As is evident from the extensive genre of travel literature to Greece, western travelers saw contemporary Greece as a mystical, oriental, primitive other. Travelers would recount Orthodox religious beliefs as exotic evidence of the population’s contemporary inferiority. The traveling observers who became the first archaeologists, however, were incapable of articulating their own subjectivities and magical assumptions. Protestant travelers, for example, took for granted their missionary engagement and the doctrine of good work. The conversion of Muslims was illegal by Islamic law, a political fact that directed Protestant missionary activities towards the Christian subjects of the Ottoman Empire. The Orthodox populations targeted by missionary work were de facto the living traditions that mitigated between two groups of Christians estranged from each other both by religious traditions and imperialist geopolitics. Early travelers, antiquarians and archaeologists were no less mystical than the post-Byzantine subjects that filtered Byzantine material culture. The Protestant work ethic, for instance, was applied onto the post-Byzantine world and flavored the activities of early archaeological engagement. Some of the earliest scholars and scholarly institutions were unapologetically missionary in character. Through Roberts College in Istanbul to Misses Hill’s School in the Athenian Agora, British and American scholars engaged Byzantine material culture in order to reach personal salvation through doing good works. Protestantism’s theology of salvation through archaeological work was utterly incomprehensible to post-Byzantine subjects.
[1] The philergetism of the American School of Classical Studies at Athens was a selfless gift to the Greek other, but also a dress rehearsal for capitalist domination in the spirit that Max Weber had outlined in his treatise on the work ethic.

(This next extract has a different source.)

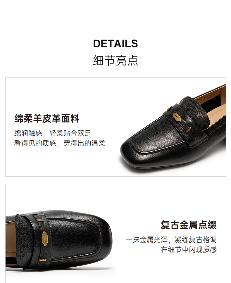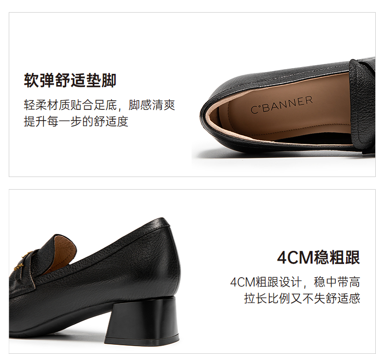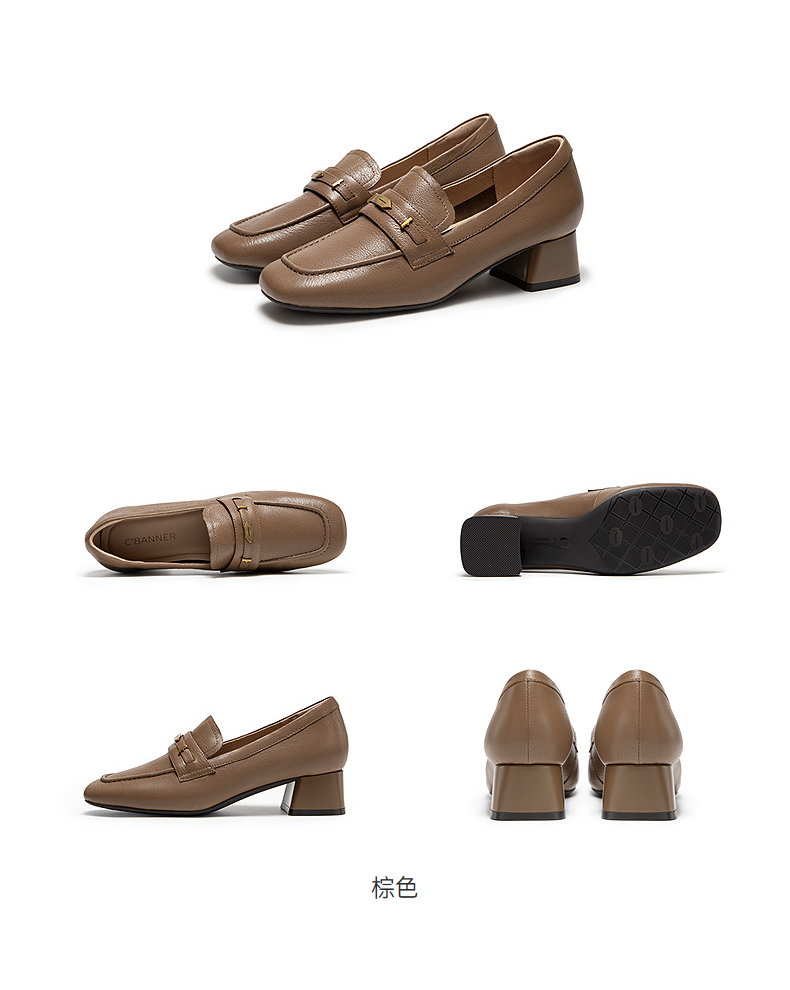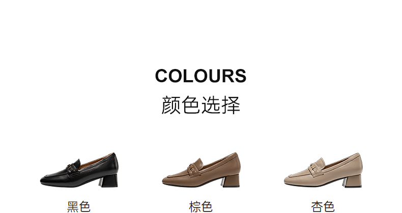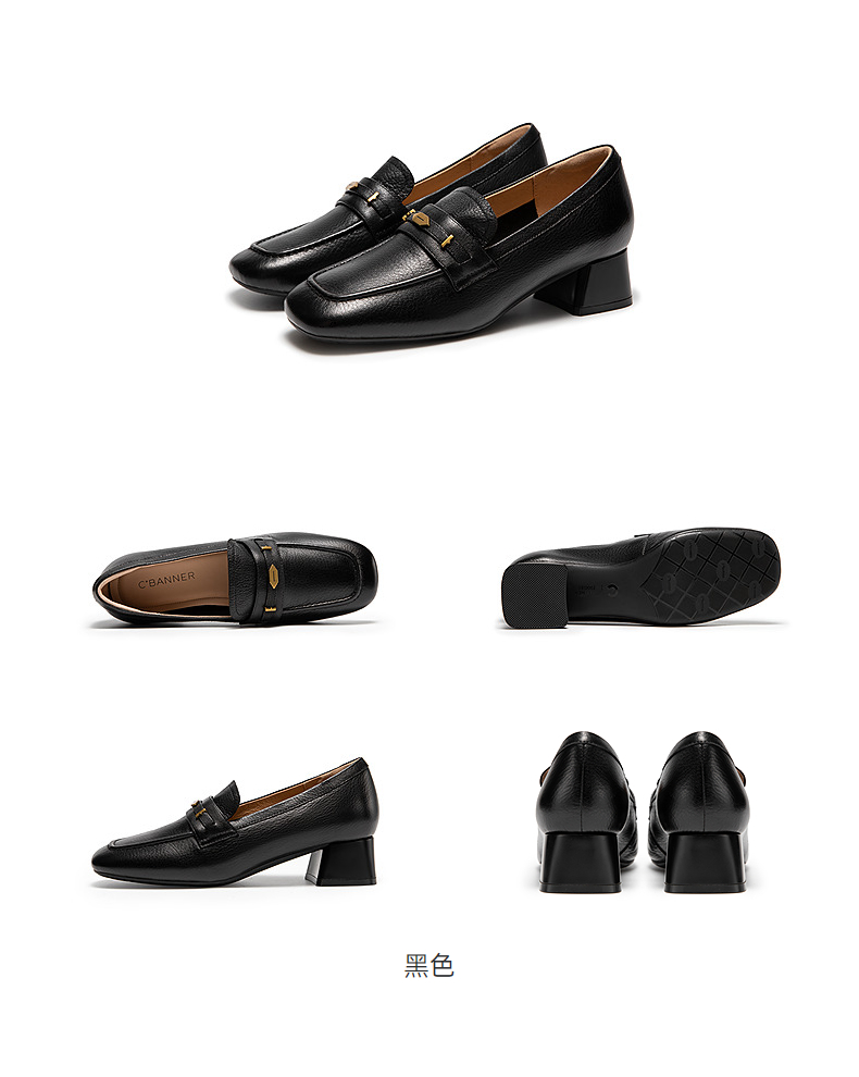 千百度羊皮粗跟乐福鞋女通勤高跟鞋舒适单鞋A25480804

[2] Jack Davis, Natalia Vogeikoff-Brogan, Betsey Robinson and Niki Sakka and others have begun to enumerate the specifics of the American work ethic in an upcoming volume
Hellenism, Philanthropy, or Political Convenience? American Archaeology in Greece [3] Burt Hodge Hill’s obsession with watering the Corinthians, Rodney Young’s hand loss driving an ambulance through he war fronts of Albania, or the archaeological connections with the Red Cross reveal a hidden spiritual agenda. Unlike the overly-performative liturgical magic of the post-Byzantines, however, the spiritual ethos of Protestantism took the form of work. Foreign archaeologists in Greece occasionally criticized the local populations as deficient in work ethic. British and American archaeologists, in particular, embraced the scientific labor of rigorous archaeology with a religious fervor. Keeping immaculate excavation notebooks, recording a multitude of facts, excavating as vigorously as possible and outshining other institutions in scholarly productivity have produced the foundations of an objective science. At the same time, and less obviously articulated, such endeavors fulfilled an irrational metaphysical agenda of personal salvation.
Protestant notions of salvation through work, however, are not the only magical paradigms applied onto the Byzantine archaeological field. The positivist developments in archaeological methods in the late nineteenth and early twentieth centuries were coupled by a growth in spiritualism. A non-sectarian form of spiritualism grew in a variety of fronts, whether from universalist deist movements, like theosophism, or directly from the sciences. Albert Einstein’s theory of relativity that posited the transformation of matter into energy, Carl Jung’s spiritual psychology and other mainstream academicians precipitated a methodology towards material culture that involved the supernatural. The Excavations of the Great Palace in Istanbul serve the best example. The 1920s are a critical decade in the development of scientific method developed by Mortimer Wheeler and espoused by Cambridge archaeologists. It is important to note that Wheeler perfected his stratigraphic method in Segontium (1921-1922), a Roman fort that included Byzantine-period phases.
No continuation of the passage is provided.